In fact, while doubters like Willumsen may not believe it, Eure says Pittsburgh's review board is one of the stronger agencies in the country.
The main reason for that is subpoena power. "Not a lot of boards have that," he says.
Pittinger also emphasizes that relations between the board and police have improved. For example, she says, the Office of Municipal Investigations, the city's internal-affairs office, has been more willing to share information.
However, review boards in other cities have more leverage. Take Washington, D.C.'s Office of Police Compliance, where Eure serves as president. If the office's hearing officer finds that police misconduct has occurred, the chief of police has no choice but to level punishment.
"This type of power by a civilian-review agency is rare," Eure adds. "But it can be done. You need a city council that is willing to step In and say this board needs more power. They need more say in this process."
"We probably need to lobby Harrisburg to get this board more power than it has," says Hinton. "There's always talk about how it will be hard for us to get more power because the FOP, how powerful they are." Still, she adds, "This board is here today because of the power of the people, and they can't dispute that."
Billy Hileman knows firsthand what that power can accomplish.
An activist who was front-and-center in the 1997 review-board battle, even he was surprised by the margin by which the referendum passed.
"I'll remember that margin until the day I die," says Hileman, now a union rep with the Pittsburgh Federation of Teachers. "It was 52 to 48 percent. It was amazing."
In 1993, 23-year-old Maneia Bey was shot 16 times, 14 times in the back by an officer during a pursuit Downtown.

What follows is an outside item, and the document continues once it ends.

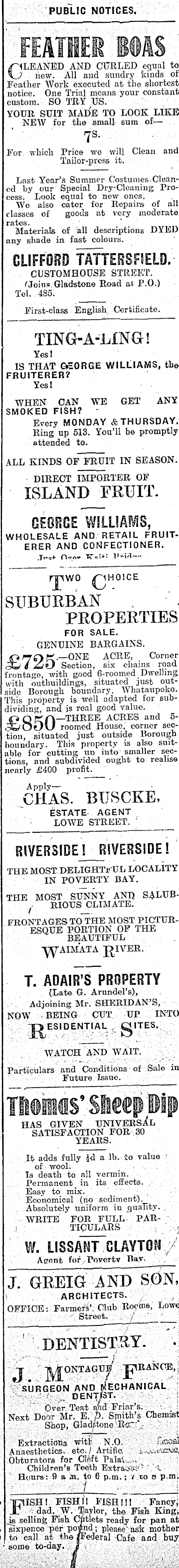 PUBLIC NOTICES. FEATHER BOAS LEANED AND CURLED equal to \J new. All and sundry kinds of Feather Work executed at the shortest notice. One Trial means your constant custom. SO TRY US. YOUR SUIT MADE TO LOOK LIKE NEW for the small- sum of— 7 s - For which Price wc will Clean and Tailor-press it. Last Year’s Summer Costumes. Cleaned by our Special Dry-Cleaning Process. Look equal to new ones. We also cater for Repairs of all classes of goods at very moderate rates. Materials of all descriptions DYED any shade in fast colours. CLIFFORD TATTERSFIELD. CUSTOMHOUSE STREET. TJoins Gladstone Road at P. 0.) Tel. 485. First-class English Certificate. TING-A-LING! Yesl IS THAT OEORGE WILLIAMS, the FRUITERER? Yes! WHEN CAN WE GET’ ANY SMOKED FISH? ~ Every MONDAY & THURSDAY. Ring up 513. You’ll be promptly attended to. ALL KINDS OF FRUIT IN SEASON. DIRECT IMPORTER OF ISLAND FRUIT. GEORGE WILLIAMS, WHOLESALE AND RETAIL FRUITERER AND CONFECTIONER. Jivjf O w Civ rjpwo SUBURBAN PROPERTIES for sale. GENUINE BARGAINS. A? 'TO —ONE ACRE, Corner frontage, with good 6-roomed Dwelling with outbuildings, just outside Borough, boundary, 'Phis property is well adapted for subdividing, and is real good value. jiQK/A —THREE ACRES and 5owOOU roomed House, corner section, situated just outside Borough boundary. This property is also suitable for cutting un into smaller sections, and subdivided ought to realise nearly £4OO profit. CHAS. BUBCKE. ESTATE AGENT LOWE STREET. RIVERSIDE! RIVERSIDE! THE MOST DELIGHTFUL LOCALITY IN POVERTY BAY. THE MOST SUNNY AND SALUB- ■ RIOUS CLIMATE. FRONTAGES TO THE MOST PICTURESQUE PORTION OF THE BEAUTIFUL ■yyAIMATA J^IVER. T. ADAIR’S PROPERTY (Late G. Arundel’s), Adjoining Mr. SHERIDAN’S, NOW BEING CUT UP INTO : R ESI WATCH AND WAIT. Particulars and Conditions of Sale in Future Issue. DENTIAL gITES. Thomas* Sheep ;Blp HAS GIVEN UNIVERSAL SATISFACTION FOR 30 YEARS. It adds fully a lb. to value of wool. Is death to all vermin. Permanent in its effects. Easy to mix. ' , Economical (no sediment). Absolutely uniform in quality. WRITE FOR FULL PARTICULARS W. LISSAPTr SLAYTON Agent for., Poverty Bay. J. GREIG AND SON, ARCHITECTS. ~ OFFICE: Farmers’. Club Rooms, Lowe Street. ■ / dentistry. j JpiRANCE, SURGEON AND MECHANICAL DENTIST. 'V Over Teat ahd Friar’s. "ext Door Mr. E. p. Smith’s Chemist Shop, Gladstone Ec’ - Extractions with N.O. naesthetics, etc. / Arfcific, i ktu raters for Cleft PalaU...,, Children’s Teeth Extr&w'Ar' S; ' ”, Hours: 9am. to 6 p.m.; t to ap m. F ISH! FISH!I FISH!!! Fancy, dad, W. T]aylor, the Fish King, selling Fish Chtlets ready for pan at xpence per pofnd; please'ask mother i call at the |Federal Cafe and buy ime to-day. J

In November 1995, Jonny Gammage was killed inside city limits during a traffic stop by suburban police (who had followed him from nearby Brentwood).

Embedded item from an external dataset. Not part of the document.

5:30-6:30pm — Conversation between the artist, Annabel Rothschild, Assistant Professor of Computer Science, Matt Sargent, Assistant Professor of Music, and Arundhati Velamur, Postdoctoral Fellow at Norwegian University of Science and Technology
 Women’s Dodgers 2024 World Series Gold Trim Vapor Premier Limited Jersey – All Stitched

"Starting with Maneia Bey, there was this series of incidents that caused people to say, 'Something is just not right here,'" says Hileman.
Dozens of community groups joined to form the Alliance for Progressive Action, the key group for organizing the campaign.

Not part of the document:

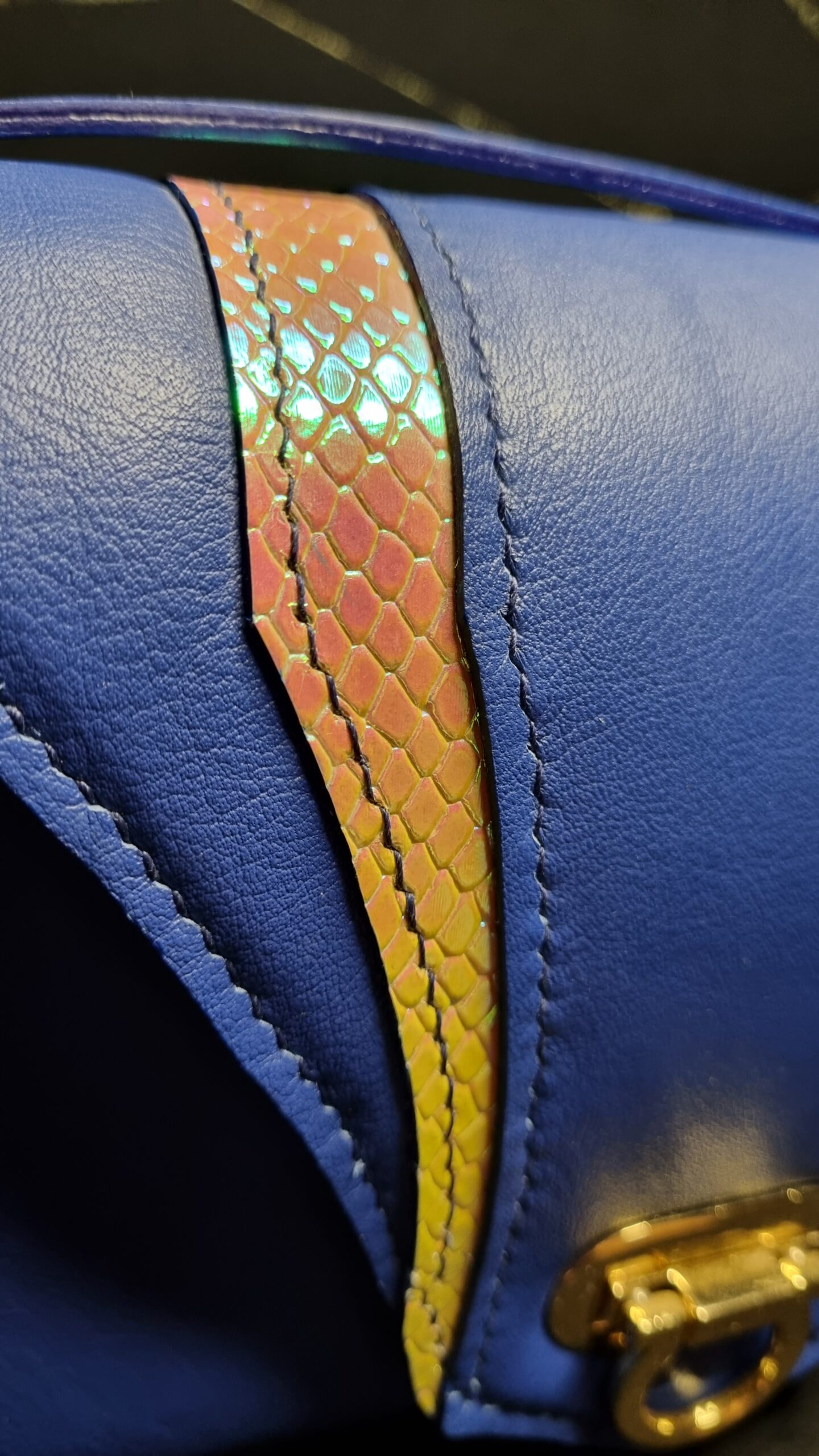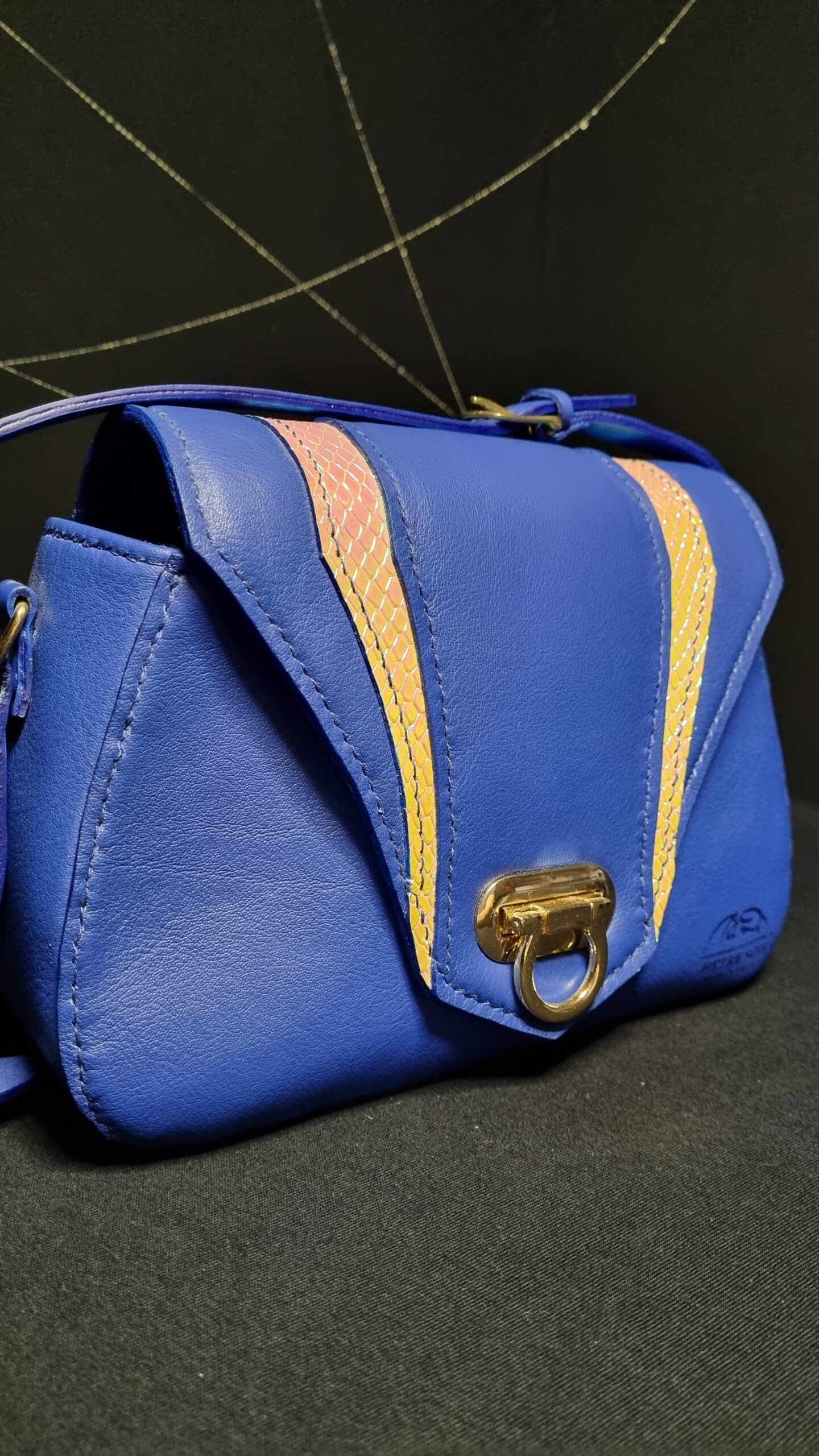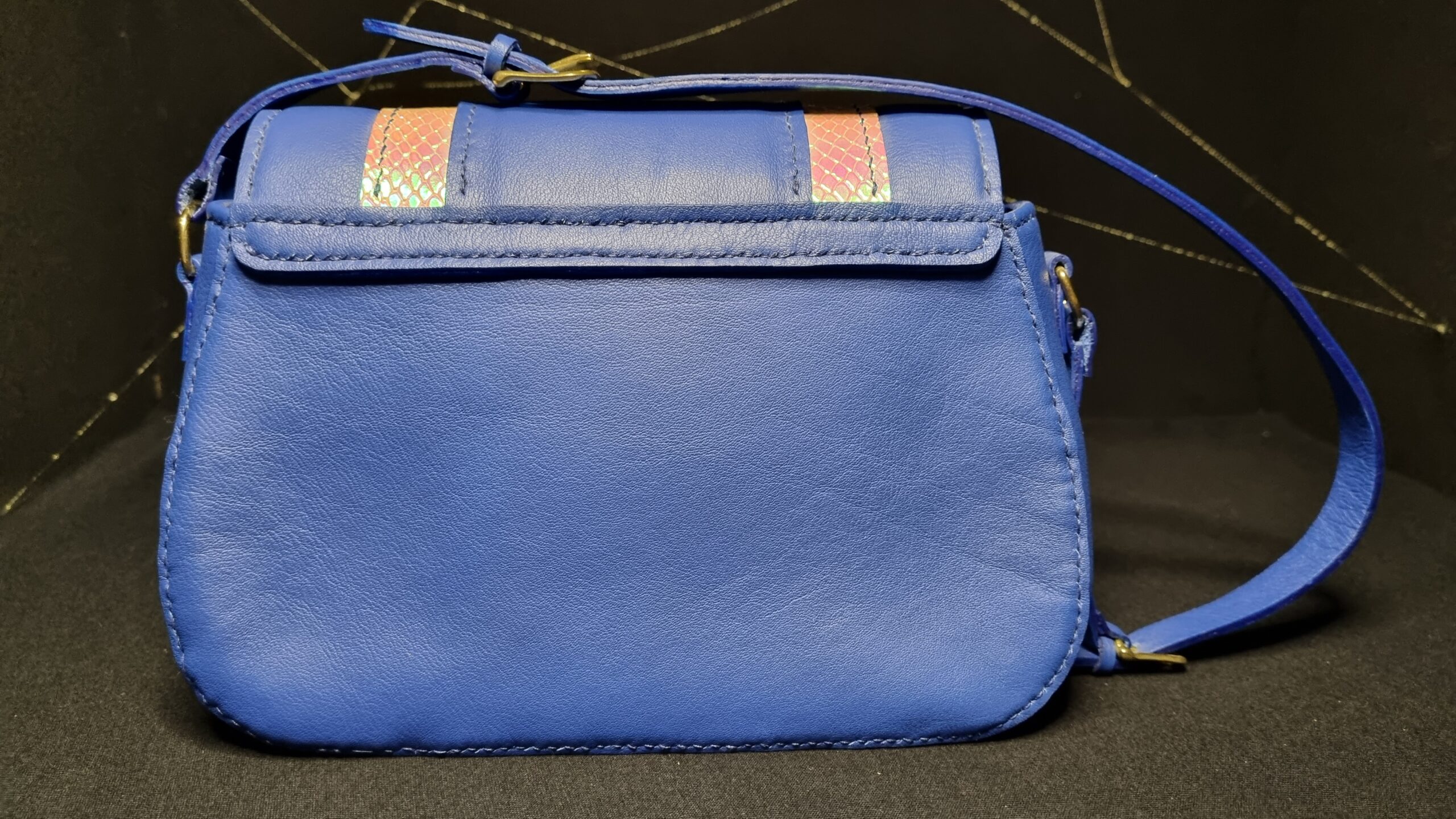 Sac en cuir de chèvre teinte bleu électrique et intérieur en coton bleu marine, bijouterie dorée, grande poche centrale et poche zip intérieur

Barney Oursler, one of the APA's organizers, says the review board passed because "people across this city had issues with the police and their general treatment of the community at large. So they took matters into their own hands and fought for this CPRB."
Asked if this is the board they envisioned when they began fighting for it in 1997, both Oursler and Hileman say it is.
"What we wanted was to create a really strong entity for community oversight and I think for the most part, that's what we have," says Oursler. Still, he says, "What's been disappointing is that the administration in the past 12 years has opted not to give any sort of serious weight or response to their recommendations."
And for all his frustration, even Noah Willumsen says, "I wouldn't want to see [the review board] abolished without something else to take its place. Even if they're doing slightly better than nothing, at least it's keeping the issue of police accountability in the spotlight. That's something, right?"
But it's clearly less than he'd hoped for. In 1997, the review board was seen as the antidote to a lack of police accountability. Today, it's as likely to seem to some members of the community like a symptom of the problem it was meant to cure.
"Some days I just have to look at the situation like this: The cops are pissed off at us, the city [leadership] is pissed off at us, and at times, the community is pissed off at us," Pittinger explains. "We're right smack in the middle with everyone pissed off at us.
"If that's where we are, then I guess we're doing our job."